### About this exercise
Return each line of the data below verbatim; pictures are to be left out.

### The data
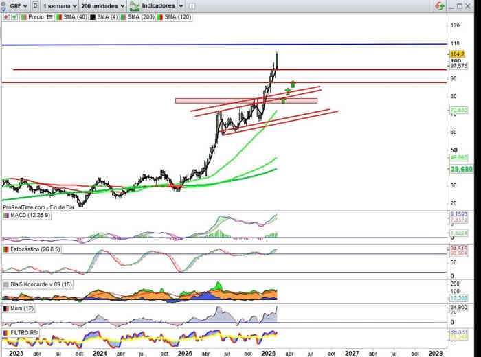 Y quizá lo más importante incluso sobre esa referencia de máximos históricos, esta semana nos mejora incluso la referencia soporte de protección ya de las amplias plusvalías que todavía retienen la rebajada posición en carteras actual, zona soporte ahora por los 96€. lo que el mercado nos pueda poner difícil, nosotros vamos a hacerlo fácil.
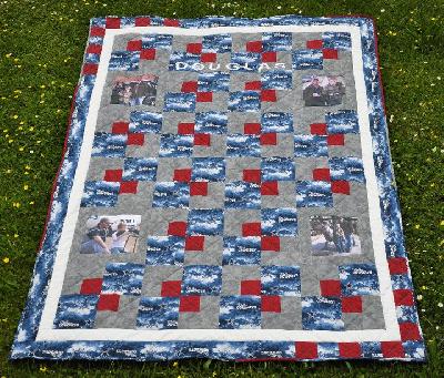und geht nun auf Reisen! Der Quilt ist 60" x 82" - die Blockvorlage ist aus dem Net. Ich hab Dallas-Cowboy-Stoffe genommen (GROSSES Dankeschön an Quilt-infiziert/Marianne), den Rest hatte ich auf Lager. 4 Bilder hab ich noch mit reingenäht "Daddy & Sohn".
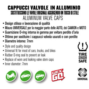 Cappucci valvole dal design stiloso e lavorazione di alta qualità. Misura universale per la maggior parte di auto, moto e camion. Guarnizione O-Ring interna in gomma per evitare perdite d'aria. Ottimo per sostituire i cappucci valvola usurati e con perdite. Diametro interno 7mm
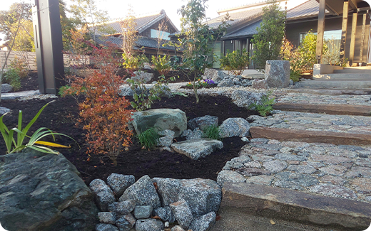 景石の設置や石積みなど、重厚感や質感を感じるデザインを取り入れた工事が可能です。
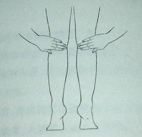 直立,用双手轻轻拍打两腹股沟,逐渐加力,直至两髀微微发热为止。每天拍打两到三次,每次3~5分钟。
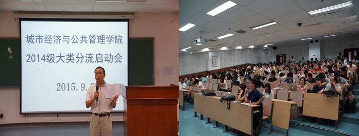 9月23日下午2点,85PO 在博学楼阶1教室举行了2014级大类专业分流启动会。学院党委书记王德起、副院长张杰、彭文英以及行政管理系、公共事业管理系、土地资源管理系、城市经济管理系和区域经济系等5系教师和158名2014级同学参会。 85PO 大类专业分流自2011级开始进行,属于学院“厚基础、宽口径”大类教学之后的专业细分。分流首先尊重学生志愿排序,然后考虑学分绩点排序。从前3年的分流结果来看,一志愿满足率平均达到87%左右,满足了大部分同学的专业学习意愿。此次会议旨...
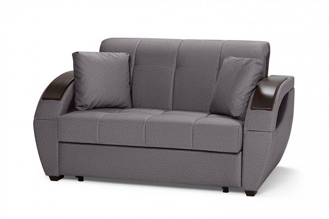 The Montreal sofa bed is comfortable and elegant. The seat and back are quilted, the semicircular armrests are covered with linings made of dense polymer, which accurately conveys the texture of valuable wood. Thanks to the elastic filling, soft upholstery and decorative pillows, it is comfortable to relax on the sofa during the day, and with the help of the transformation mechanism it quickly turns into a full-fledged sleeping place.
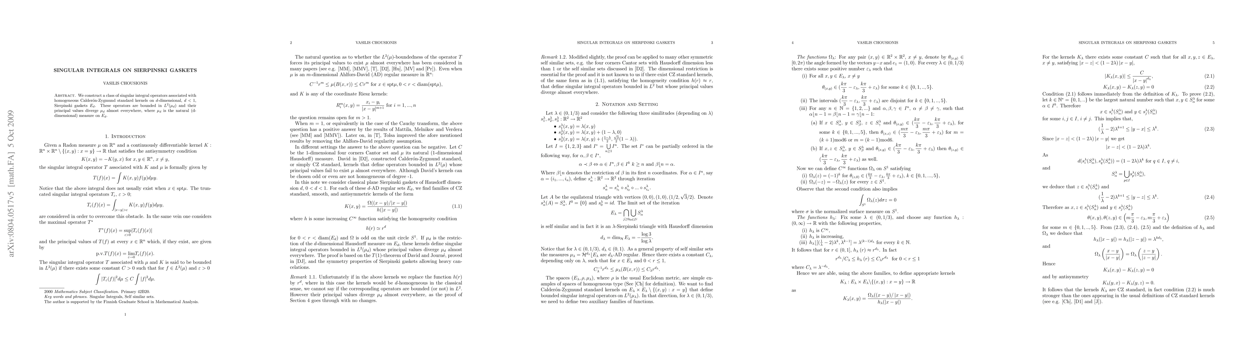 The research constructs singular integral operators associated with homogeneous Calderón-Zygmund standard kernels on d-dimensional Sierpinski gaskets E_d, for d < 1. It proves these operators are bounded in L^2(μ_d) and their principal values diverge μ_d almost everywhere.
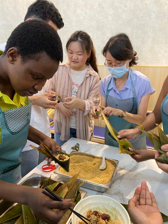 在传统端午节来临之际,国际公司(留管部)于6月24日下午组织来自尼日利亚、巴基斯坦、加纳等国的20余名职工前往怡口乐餐厅学习包粽子,体验端午传统佳节。
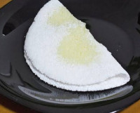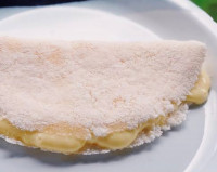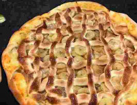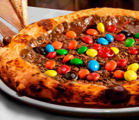 Massa de fermentação lenta tamanho pequeno, banana, chocolate branco, açúcar, canela e queijo mussarela.

### Your response
 Y quizá lo más importante incluso sobre esa referencia de máximos históricos, esta semana nos mejora incluso la referencia soporte de protección ya de las amplias plusvalías que todavía retienen la rebajada posición en carteras actual, zona soporte ahora por los 96€. lo que el mercado nos pueda poner difícil, nosotros vamos a hacerlo fácil.
und geht nun auf Reisen! Der Quilt ist 60" x 82" - die Blockvorlage ist aus dem Net. Ich hab Dallas-Cowboy-Stoffe genommen (GROSSES Dankeschön an Quilt-infiziert/Marianne), den Rest hatte ich auf Lager. 4 Bilder hab ich noch mit reingenäht "Daddy & Sohn".
 Cappucci valvole dal design stiloso e lavorazione di alta qualità. Misura universale per la maggior parte di auto, moto e camion. Guarnizione O-Ring interna in gomma per evitare perdite d'aria. Ottimo per sostituire i cappucci valvola usurati e con perdite. Diametro interno 7mm
 景石の設置や石積みなど、重厚感や質感を感じるデザインを取り入れた工事が可能です。
 直立,用双手轻轻拍打两腹股沟,逐渐加力,直至两髀微微发热为止。每天拍打两到三次,每次3~5分钟。
 9月23日下午2点,85PO 在博学楼阶1教室举行了2014级大类专业分流启动会。学院党委书记王德起、副院长张杰、彭文英以及行政管理系、公共事业管理系、土地资源管理系、城市经济管理系和区域经济系等5系教师和158名2014级同学参会。 85PO 大类专业分流自2011级开始进行,属于学院“厚基础、宽口径”大类教学之后的专业细分。分流首先尊重学生志愿排序,然后考虑学分绩点排序。从前3年的分流结果来看,一志愿满足率平均达到87%左右,满足了大部分同学的专业学习意愿。此次会议旨...
 The Montreal sofa bed is comfortable and elegant. The seat and back are quilted, the semicircular armrests are covered with linings made of dense polymer, which accurately conveys the texture of valuable wood. Thanks to the elastic filling, soft upholstery and decorative pillows, it is comfortable to relax on the sofa during the day, and with the help of the transformation mechanism it quickly turns into a full-fledged sleeping place.
 The research constructs singular integral operators associated with homogeneous Calderón-Zygmund standard kernels on d-dimensional Sierpinski gaskets E_d, for d < 1. It proves these operators are bounded in L^2(μ_d) and their principal values diverge μ_d almost everywhere.
 在传统端午节来临之际,国际公司(留管部)于6月24日下午组织来自尼日利亚、巴基斯坦、加纳等国的20余名职工前往怡口乐餐厅学习包粽子,体验端午传统佳节。
 Massa de fermentação lenta tamanho pequeno, banana, chocolate branco, açúcar, canela e queijo mussarela.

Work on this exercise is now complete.